→ **Problem requirements**
Reproduce exactly the lines of this material that begin at the line with "Summary - GIGABYTE" and end at the line with "พร้อมกันนี้ นักพัฒนาและเจ้าหน้าที่ของ สทป.", both included. Omit the pictures and everything else.

→ **Record excerpts**
---
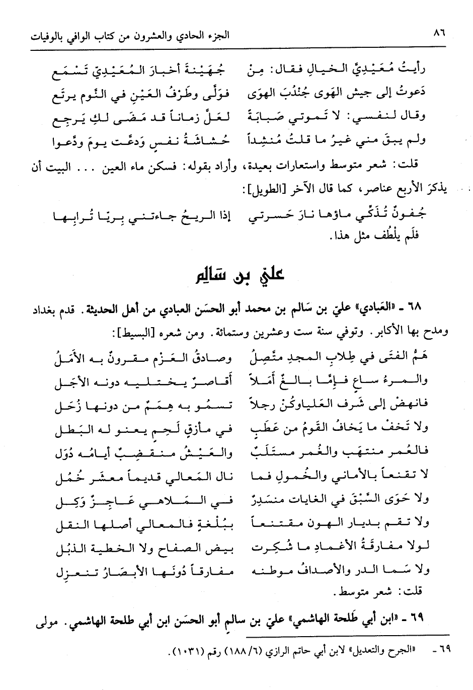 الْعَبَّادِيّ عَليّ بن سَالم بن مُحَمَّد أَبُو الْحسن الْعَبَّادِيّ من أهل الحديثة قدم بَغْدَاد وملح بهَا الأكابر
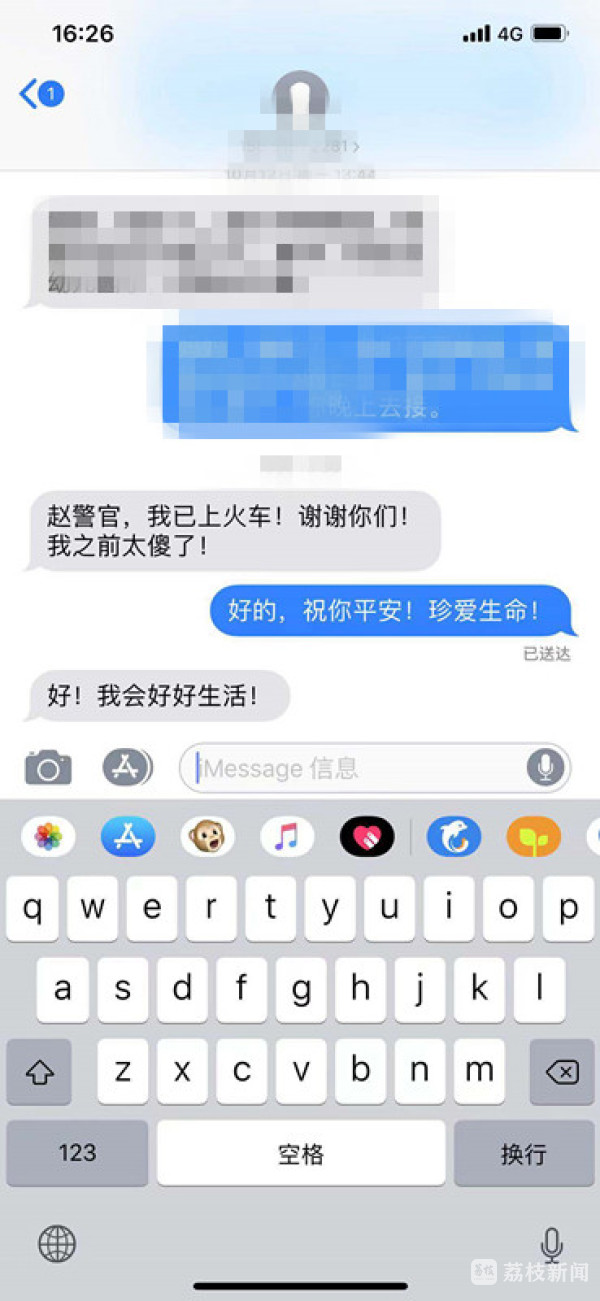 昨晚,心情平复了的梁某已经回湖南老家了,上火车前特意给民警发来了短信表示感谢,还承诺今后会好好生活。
---
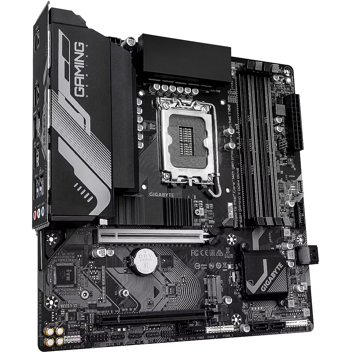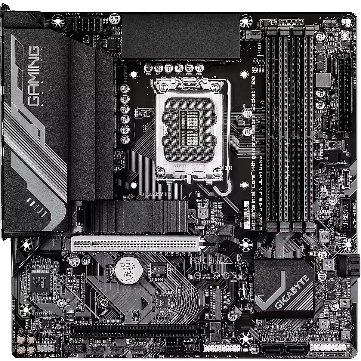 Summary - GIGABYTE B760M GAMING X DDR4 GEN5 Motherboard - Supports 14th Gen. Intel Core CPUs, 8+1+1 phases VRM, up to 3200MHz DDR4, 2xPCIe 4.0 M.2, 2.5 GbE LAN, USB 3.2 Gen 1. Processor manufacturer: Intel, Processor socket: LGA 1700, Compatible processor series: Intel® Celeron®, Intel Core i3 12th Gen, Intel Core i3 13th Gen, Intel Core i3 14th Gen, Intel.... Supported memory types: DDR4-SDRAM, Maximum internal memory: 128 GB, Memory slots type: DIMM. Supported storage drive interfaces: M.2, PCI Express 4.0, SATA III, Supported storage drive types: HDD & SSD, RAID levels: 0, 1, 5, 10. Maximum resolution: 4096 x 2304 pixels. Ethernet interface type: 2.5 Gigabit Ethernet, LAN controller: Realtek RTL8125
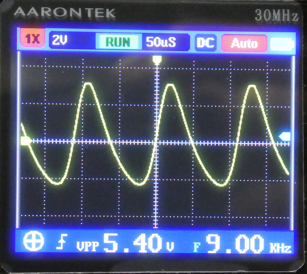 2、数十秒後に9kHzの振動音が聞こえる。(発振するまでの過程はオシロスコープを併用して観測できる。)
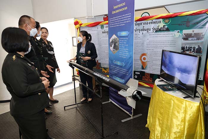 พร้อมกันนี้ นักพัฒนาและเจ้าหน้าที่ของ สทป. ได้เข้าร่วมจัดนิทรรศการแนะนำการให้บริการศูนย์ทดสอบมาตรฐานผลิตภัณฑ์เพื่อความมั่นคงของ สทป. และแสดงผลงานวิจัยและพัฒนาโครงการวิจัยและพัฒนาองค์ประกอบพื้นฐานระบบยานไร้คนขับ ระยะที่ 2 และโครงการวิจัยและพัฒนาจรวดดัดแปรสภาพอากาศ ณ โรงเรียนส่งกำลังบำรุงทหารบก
---
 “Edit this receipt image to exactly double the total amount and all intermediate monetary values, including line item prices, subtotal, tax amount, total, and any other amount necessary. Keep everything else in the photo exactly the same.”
---
→ **Answer for this exercise**
 Summary - GIGABYTE B760M GAMING X DDR4 GEN5 Motherboard - Supports 14th Gen. Intel Core CPUs, 8+1+1 phases VRM, up to 3200MHz DDR4, 2xPCIe 4.0 M.2, 2.5 GbE LAN, USB 3.2 Gen 1. Processor manufacturer: Intel, Processor socket: LGA 1700, Compatible processor series: Intel® Celeron®, Intel Core i3 12th Gen, Intel Core i3 13th Gen, Intel Core i3 14th Gen, Intel.... Supported memory types: DDR4-SDRAM, Maximum internal memory: 128 GB, Memory slots type: DIMM. Supported storage drive interfaces: M.2, PCI Express 4.0, SATA III, Supported storage drive types: HDD & SSD, RAID levels: 0, 1, 5, 10. Maximum resolution: 4096 x 2304 pixels. Ethernet interface type: 2.5 Gigabit Ethernet, LAN controller: Realtek RTL8125
 2、数十秒後に9kHzの振動音が聞こえる。(発振するまでの過程はオシロスコープを併用して観測できる。)
 พร้อมกันนี้ นักพัฒนาและเจ้าหน้าที่ของ สทป. ได้เข้าร่วมจัดนิทรรศการแนะนำการให้บริการศูนย์ทดสอบมาตรฐานผลิตภัณฑ์เพื่อความมั่นคงของ สทป. และแสดงผลงานวิจัยและพัฒนาโครงการวิจัยและพัฒนาองค์ประกอบพื้นฐานระบบยานไร้คนขับ ระยะที่ 2 และโครงการวิจัยและพัฒนาจรวดดัดแปรสภาพอากาศ ณ โรงเรียนส่งกำลังบำรุงทหารบก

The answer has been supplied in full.